◆ Task directions ◆
The expected response is the full listing, retyped exactly, without its images.

◆ Recorded information ◆
———

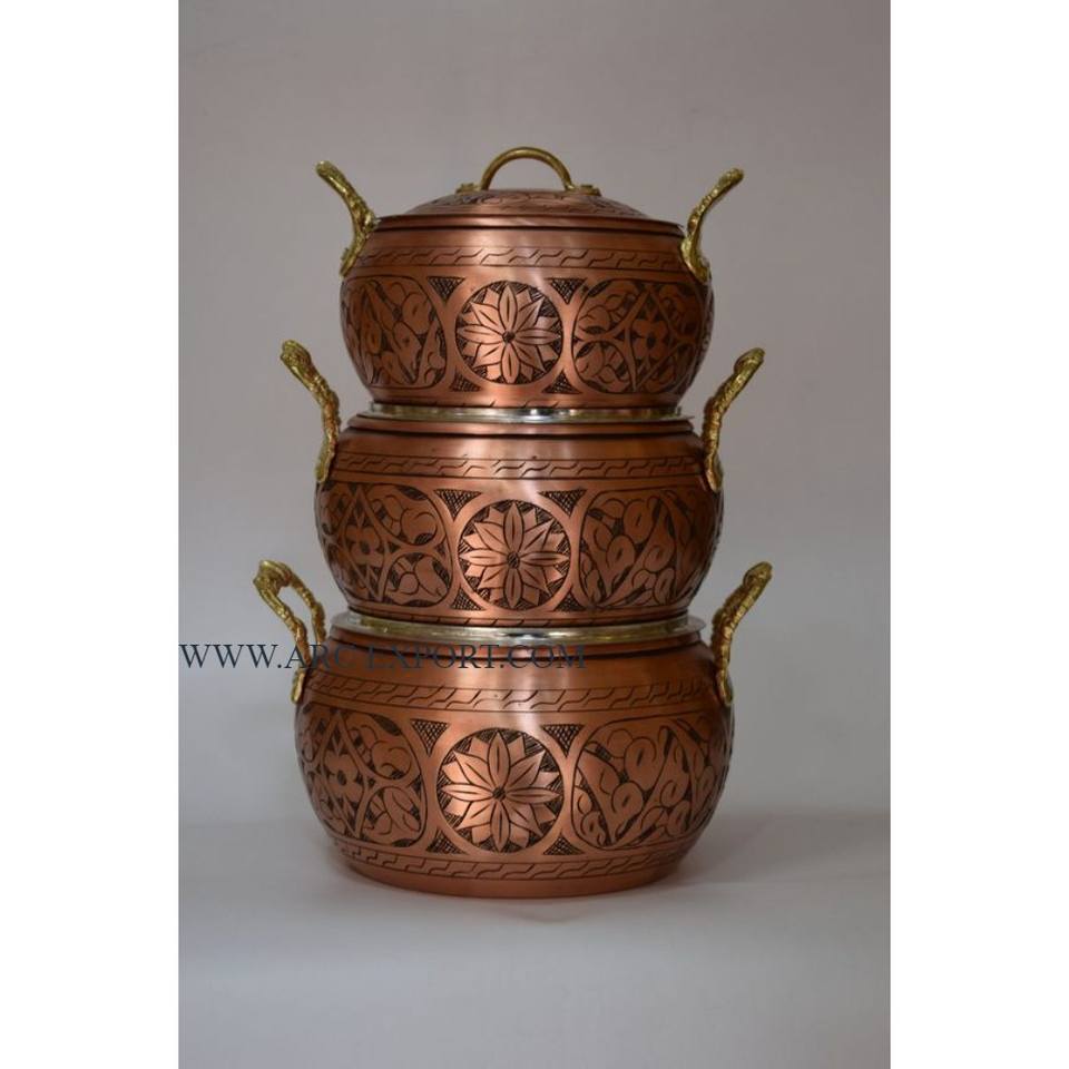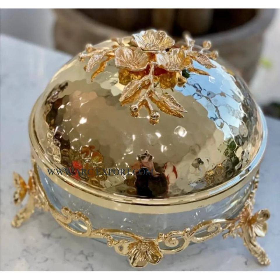 Premium Quality Metal Round Food Serving Pots Marvelous Designing Large Size Metal and Glass Hammered Table Top Serving Dish
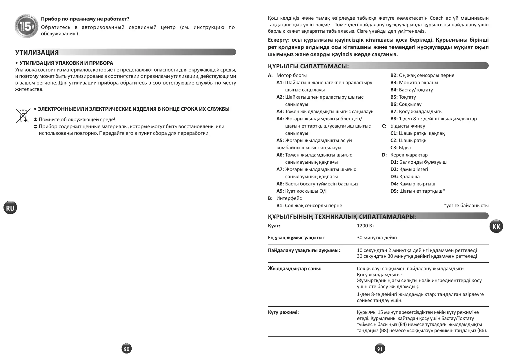 Pour le rallumer, appuyez sur « Start/Stop » (B4) ou sélectionnez une vitesse (B8) ou sélectionnez le mode « Pulse », à l’aide du bouton (B6).
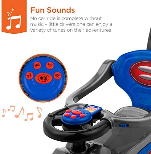 INTERACTIVE SOUNDS: The steering wheel is equipped with buttons so your child can beep the horn or select a variety of tunes during their car ride

———

◆ The completed task ◆
 Premium Quality Metal Round Food Serving Pots Marvelous Designing Large Size Metal and Glass Hammered Table Top Serving Dish
 Pour le rallumer, appuyez sur « Start/Stop » (B4) ou sélectionnez une vitesse (B8) ou sélectionnez le mode « Pulse », à l’aide du bouton (B6).
 INTERACTIVE SOUNDS: The steering wheel is equipped with buttons so your child can beep the horn or select a variety of tunes during their car ride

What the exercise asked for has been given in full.